===== Data for this task =====

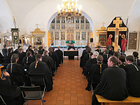 26 февраля в Троицком храме на Репне состоялось братское совещание духовенства благочиний города Коломны и Коломенского округа. Благочинный епископ Луховицкий Петр познакомил собравшихся с циркулярами митрополита Ювеналия. Были представлены новоназначенные клирики. Обсуждалось проведение III Фестиваля церковного чтения и II открытого фестиваля-конкурса духовной песни имени святителя Филарета, митрополита Московского и Коломенского.
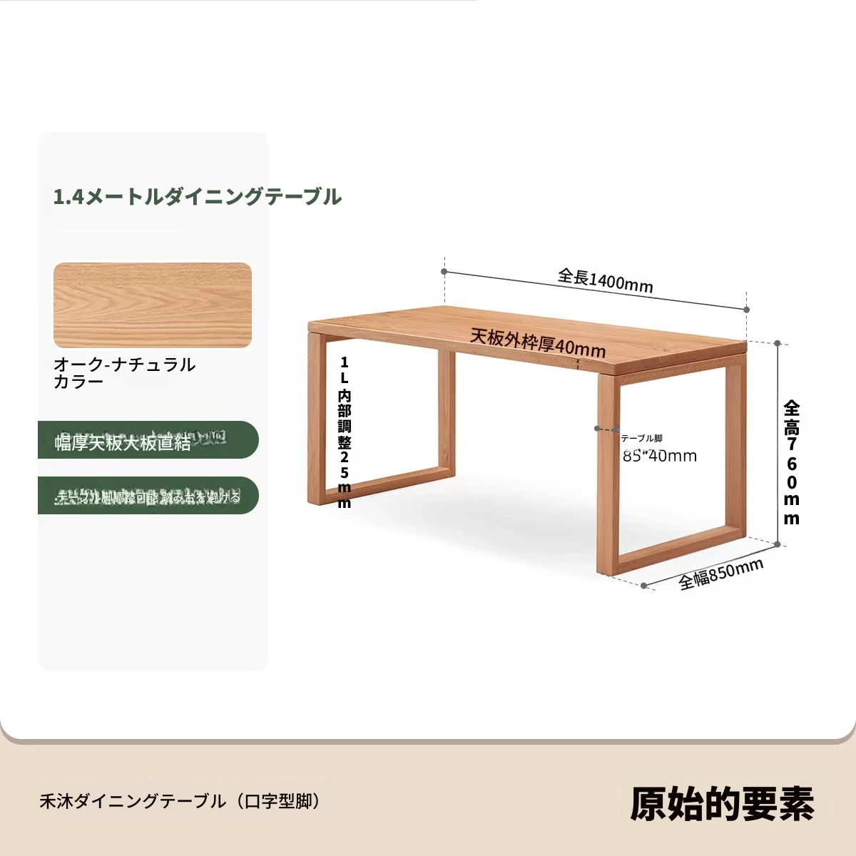 ナチュラルウッドカラー 1.4メートル無垢オークデスク 1400*850*760mm
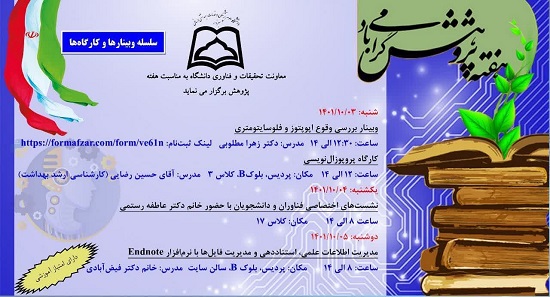 معاونت تحقیقات و فناوری دانشگاه علوم پزشکی سبزوار بمناسبت هفته پژوهش برگزار میکند.
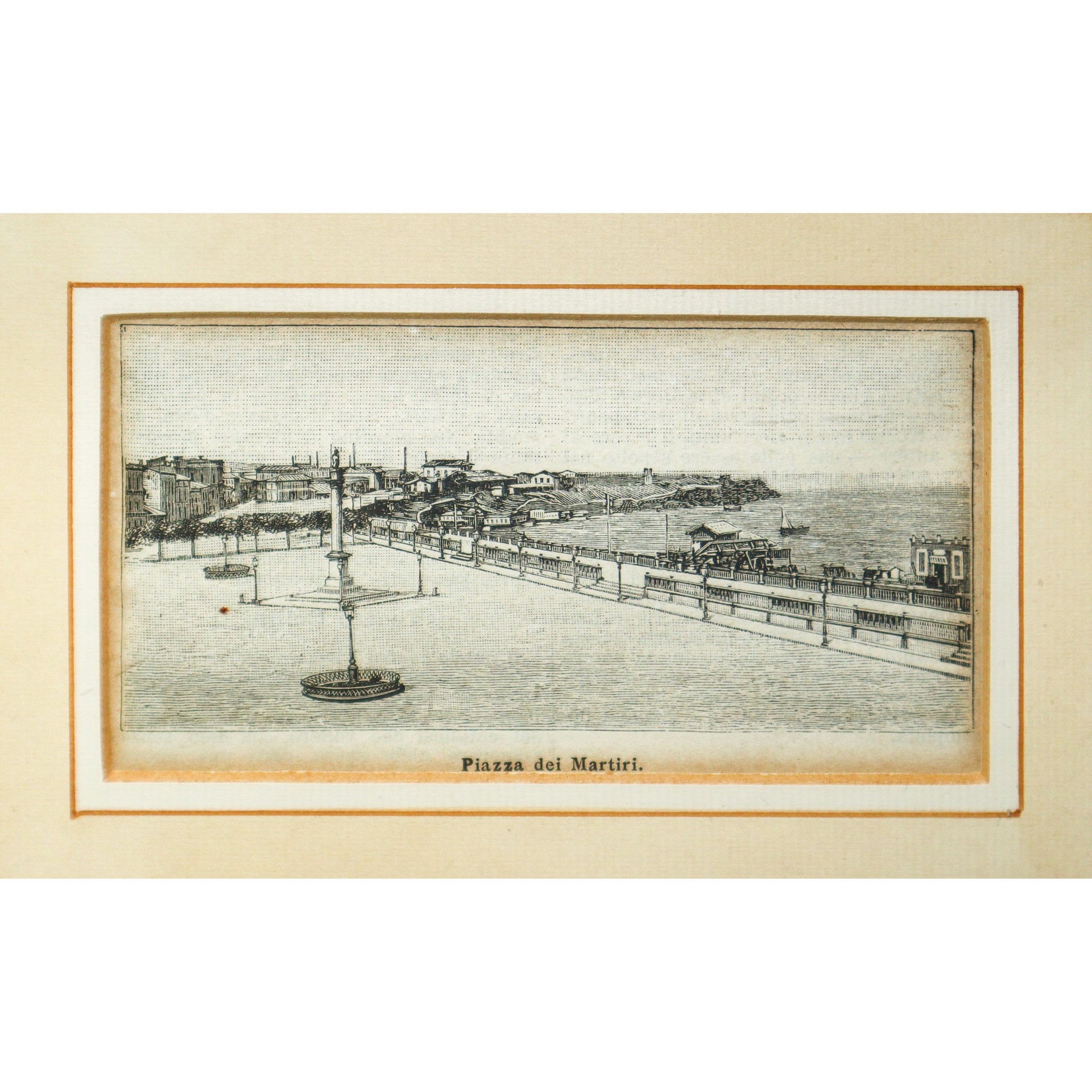 Piazza dei Martiri della città di Catania, incisione, 19th century h cm 7X13 in cornice 32,5X37 Incisione
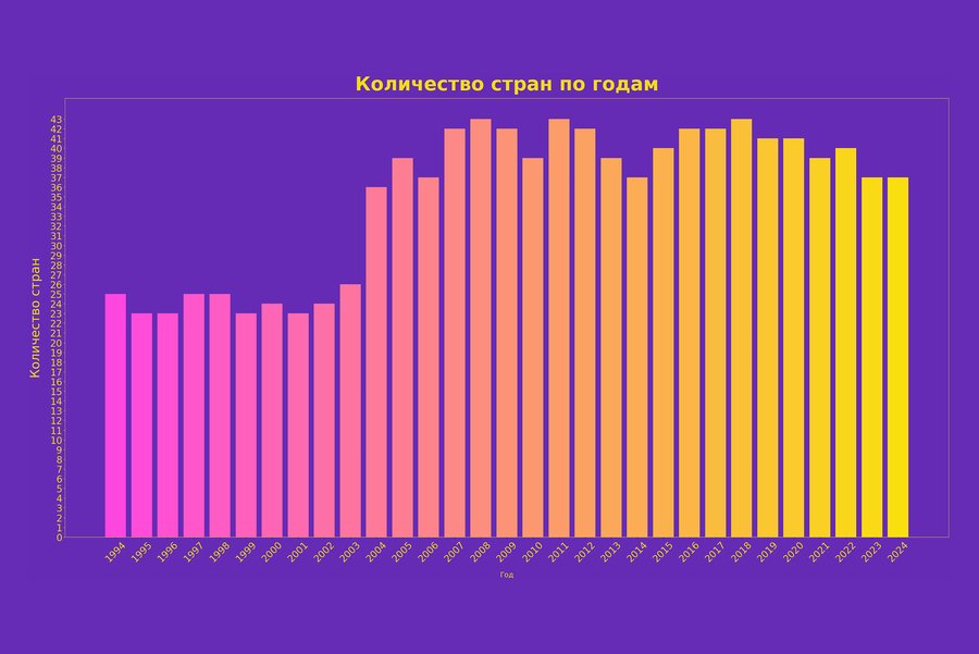 Поэтому финальная таблица была отфильтрована, в нее попали конкурсы с 1994 по 2024 включительно.
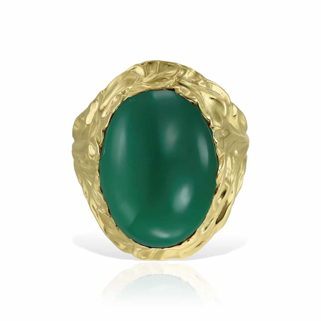 Inelul de aur 14 kt cu agat verde I S12C.4 este realizat manual, de către bijuteri români, în Atelierele Sabion din Târgu Mureș.
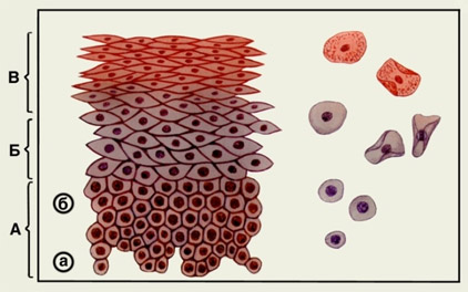Клетки самого нижнего глубокого слоя эпителия в норме имеют округлую форму и одно крупное ядро. Эти клетки обладают спосоностью активно делиться. Постепенно, созревая, они перемещаются в верхние слои эпителия, и превращаются в клетки поверхностного слоя, которые имеют плоскую форму и очень маленькой ядро.
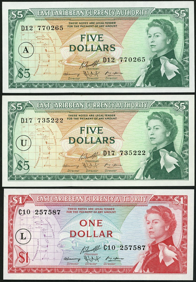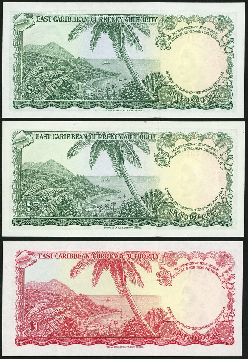 East Caribbean Currency Authority 5 dollars (2), 1 dollar, ND (1983), (Pick 13i, 14i,o, TBB B101cl, B102ca,cu), 5 dollar about uncirculated, 1 dollar uncirculated (3 notes)
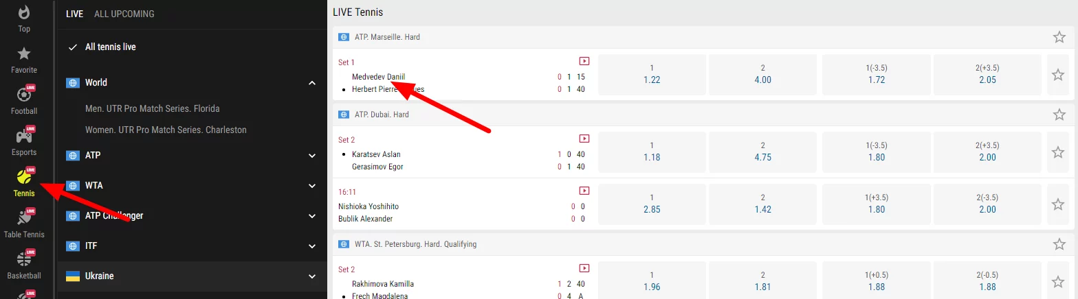 परिमैच इंडिया में टेनिस पर बेट इवेंट की शुरुआत से पहले और बाद में दोनों जगह लगाए जा सकते हैं। दूसरे केस में, आपको लाइव गेम्स सेक्शन ओपन की आवश्यकता होगी। टेनिस कोर्ट पर होने वाली इवेंट के आधार पर यहां के अंतर लगातार बदलते हैं।
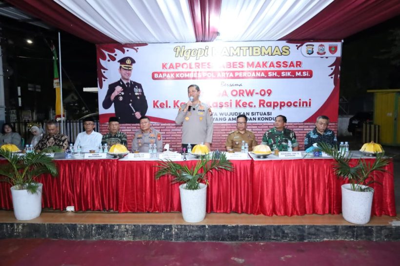 Makassar – Kapolrestabes Makassar, Kombes Pol Arya Perdana, S.H., S.I.K., M.Si, membangun kedekatan dengan masyarakat melalui program “Ngopi Kamtibmas”. Kali ini, warga Kelurahan Kassi-Kassi, Kecamatan Rappocini, menjadi tuan rumah dari forum dialog santai namun penuh makna tersebut, yang digelar pada Senin malam (28/7/2025).

=====

# Exercise instructions
The expected response is every entry above, repeated exactly, pictures removed.

# Response
 26 февраля в Троицком храме на Репне состоялось братское совещание духовенства благочиний города Коломны и Коломенского округа. Благочинный епископ Луховицкий Петр познакомил собравшихся с циркулярами митрополита Ювеналия. Были представлены новоназначенные клирики. Обсуждалось проведение III Фестиваля церковного чтения и II открытого фестиваля-конкурса духовной песни имени святителя Филарета, митрополита Московского и Коломенского.
 ナチュラルウッドカラー 1.4メートル無垢オークデスク 1400*850*760mm
 معاونت تحقیقات و فناوری دانشگاه علوم پزشکی سبزوار بمناسبت هفته پژوهش برگزار میکند.
 Piazza dei Martiri della città di Catania, incisione, 19th century h cm 7X13 in cornice 32,5X37 Incisione
 Поэтому финальная таблица была отфильтрована, в нее попали конкурсы с 1994 по 2024 включительно.
 Inelul de aur 14 kt cu agat verde I S12C.4 este realizat manual, de către bijuteri români, în Atelierele Sabion din Târgu Mureș.
Клетки самого нижнего глубокого слоя эпителия в норме имеют округлую форму и одно крупное ядро. Эти клетки обладают спосоностью активно делиться. Постепенно, созревая, они перемещаются в верхние слои эпителия, и превращаются в клетки поверхностного слоя, которые имеют плоскую форму и очень маленькой ядро.
 East Caribbean Currency Authority 5 dollars (2), 1 dollar, ND (1983), (Pick 13i, 14i,o, TBB B101cl, B102ca,cu), 5 dollar about uncirculated, 1 dollar uncirculated (3 notes)
 परिमैच इंडिया में टेनिस पर बेट इवेंट की शुरुआत से पहले और बाद में दोनों जगह लगाए जा सकते हैं। दूसरे केस में, आपको लाइव गेम्स सेक्शन ओपन की आवश्यकता होगी। टेनिस कोर्ट पर होने वाली इवेंट के आधार पर यहां के अंतर लगातार बदलते हैं।
 Makassar – Kapolrestabes Makassar, Kombes Pol Arya Perdana, S.H., S.I.K., M.Si, membangun kedekatan dengan masyarakat melalui program “Ngopi Kamtibmas”. Kali ini, warga Kelurahan Kassi-Kassi, Kecamatan Rappocini, menjadi tuan rumah dari forum dialog santai namun penuh makna tersebut, yang digelar pada Senin malam (28/7/2025).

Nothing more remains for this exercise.